医療ADR

「医療は公共財、争いは話し合いで」 =ADR現状と課題、日弁連インタビュー

 ◇東京三弁護士会の対話型モデル

 ―医療ADRの協議は具体的にはどのように進むのか。

 西内 医療事件の特徴として感情的な対立がすごく激しいことが多い。いきなり責任の有無、損害賠償の議論をしてもうまくいかない。それで東京三弁護士会では、訴訟とは違う対話型モデルをスタートした。
 特徴として、協議を2段階(ステップ1、ステップ2)に分けた。「ステップ1」は法律の問題はまず置き、患者に何が起きたのか、何が聞きたいのかを質問し、医療側にはできるだけ答えてもらう。平場の話し合いで相互理解を深めてほしい。その手伝いをあっせん人が行い、それを整理していく。
 その上で問題解決のための調整をすることに双方が同意すれば、再発防止や謝罪条項、損害賠償なども含めた話し合いをする「ステップ2」に移行する形にした。
 医療紛争ではほとんど患者側が申立人になる。責任を問われないなら大枠の説明はしたいと考える医療機関もある。けれども出て行くと、いつの間にかお金の話になって、いくらかでも払いませんかという話になる。そこで不信感、懸念を感じる。だから医療側は話し合いのテーブルに着けず、応諾自体にちゅうちょする。それを踏まえ協議を2段階に分けた。同意がなければ、ステップ2へ進まないという仕組み。東京三弁護士会でやり始めたことですが、他の弁護士会も行っている。

 児玉 紛争解決のモデルの一つは、公正中立な裁判官が、その分野の専門家の鑑定人の意見を聞きながら、全体についての事実認定も判断もしていくという方法。そうすると判断者の判断力と情報量の強化という方向にどんどん動いていく。紛争解決のモデルのもう一つは、当事者間で話し合い解決していく方法。患者側はきちんと説明をしてほしい、向き合ってほしいという気持ち。医療側は患者に謝って正直に伝えたい思い、回復させられず申し訳ないとの気持ち、他方精いっぱいやったという医療の実情を伝えたい気持ちもある。交通整理をしていく中で、紛争解決としての相互理解ができるはずだ。
 ADRを裁判に準ずるモデルで設計するか、対話と共感の場の延長線上に紛争解決があるというモデルで設計するか。
 東京三弁護士会方式では、患者側、医療側の各代理人として頑張ってきた弁護士があっせん人をしている。医療側あっせん人は医療機関から情報提供を引き出す力があるだろうし、患者側あっせん人は患者の痛みや苦しみを理解している。紛争解決に向けてどういう情報をどう伝えれば解決があり得るか、あるいは賠償金を媒介としてどんなことをつくり出せるかということを知っているだろうと。

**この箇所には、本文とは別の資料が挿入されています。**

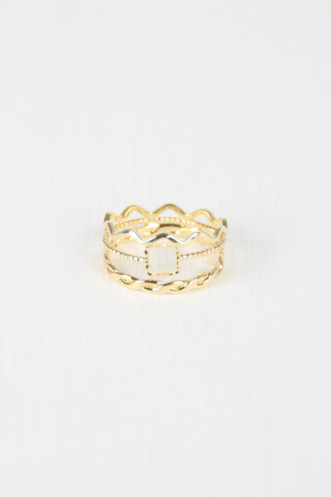This ring features a high polished gold tone finish, faux stacked look, 3 different thin band designs. Non adjustable.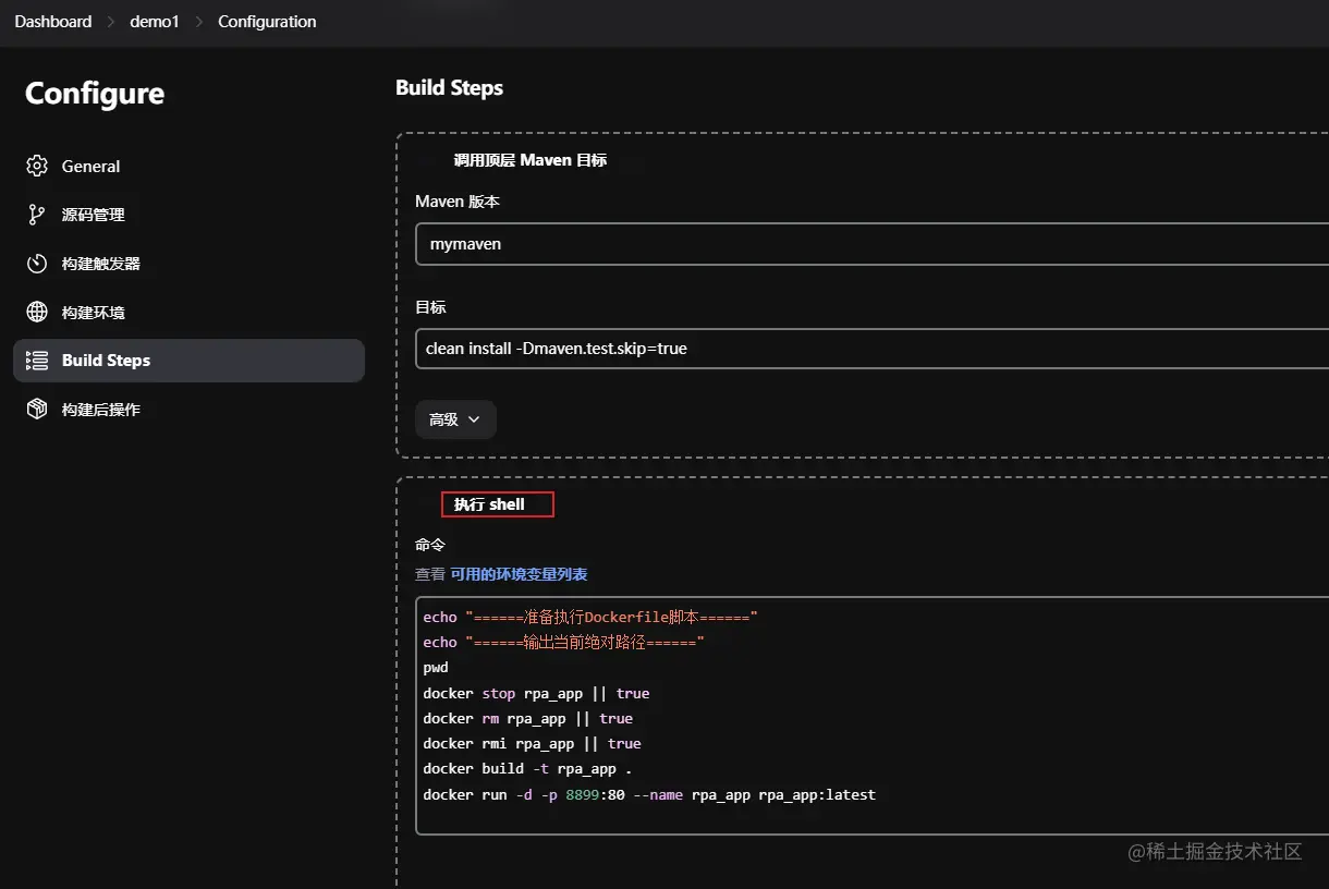 打包后的文件,会放到工作目录里面,我们对该目录中的 jar 包,使用 dockerfile 进行创建容器并且运行,就可以实现提交代码后,一键部署。

 日弁連といえば、世間から見れば死刑反対、安全保障法案反対、損害賠償請求では被害者救済の方向で動くイメージがある。医療側は、弁護士が対話と情報共有と相互理解のために動いてくれるのかという疑念がある。弁護士会に行ったらいきなり怒られて、賠償金を請求される。向こうは1000万円と言っていると。それで、半分にまけるから500万円支払えと急に言われるんじゃないかと。医療側の弁護士会に対するアレルギーみたいなものが、ずっとあった。

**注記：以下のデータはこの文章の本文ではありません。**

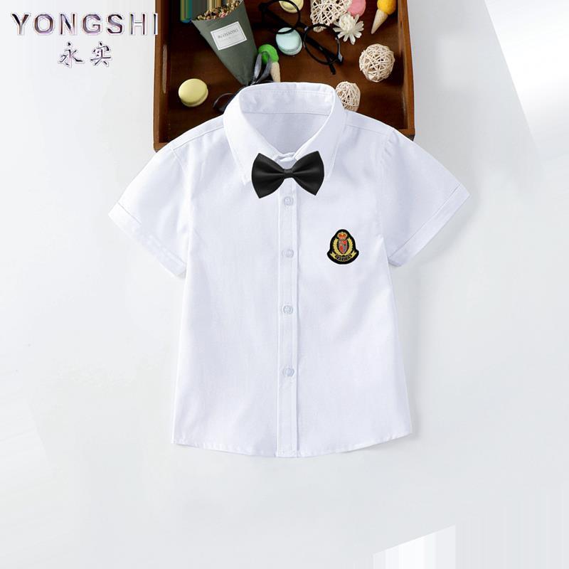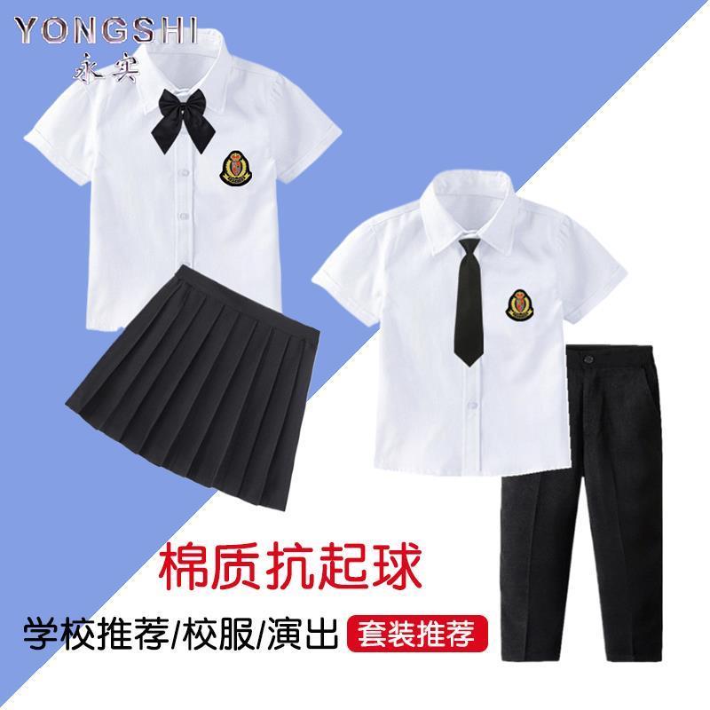 男童白色衬衣女童小女孩校服表演出服春夏上衣潮 夏季 儿童短袖 衬衫

 西内 医療ADRは医療側が応諾しないとスタートできない。彼らの理解をいかに得ながら進めていくか。感情が激しいのは医療紛争の特徴の一つ。その壁を取っ払わないと始まらない。同時に医療側の懸念、疑念、不安を払拭(ふっしょく)する手続きにしないと応諾すらしてもらえない。それで東京三弁護士会は基本的に対話型モデルを取った。

 ―医療ADRの件数は少しずつ増えているのか。

 松井 東京地裁の新しい医療訴訟が年間150~200件ぐらい。東京三弁護士会の医療ADRは年間60件ぐらい。

 増田 愛知は名古屋地裁の提訴件数が40~50件で、医療ADRも大体同じ40件ぐらい。

 児玉 仙台は医事紛争の少ない地域だが、仙台地裁が年間10件余りで医療ADRは10件を超える。裁判所の件数を上回っているところまできている。東京はもともとマスが大きい所で、しかも患者の権利意識も強い地域。裁判所の新受件数の何割かまでADRが育つと思っていなかった。そういう意味で、想定外に増えたといえる。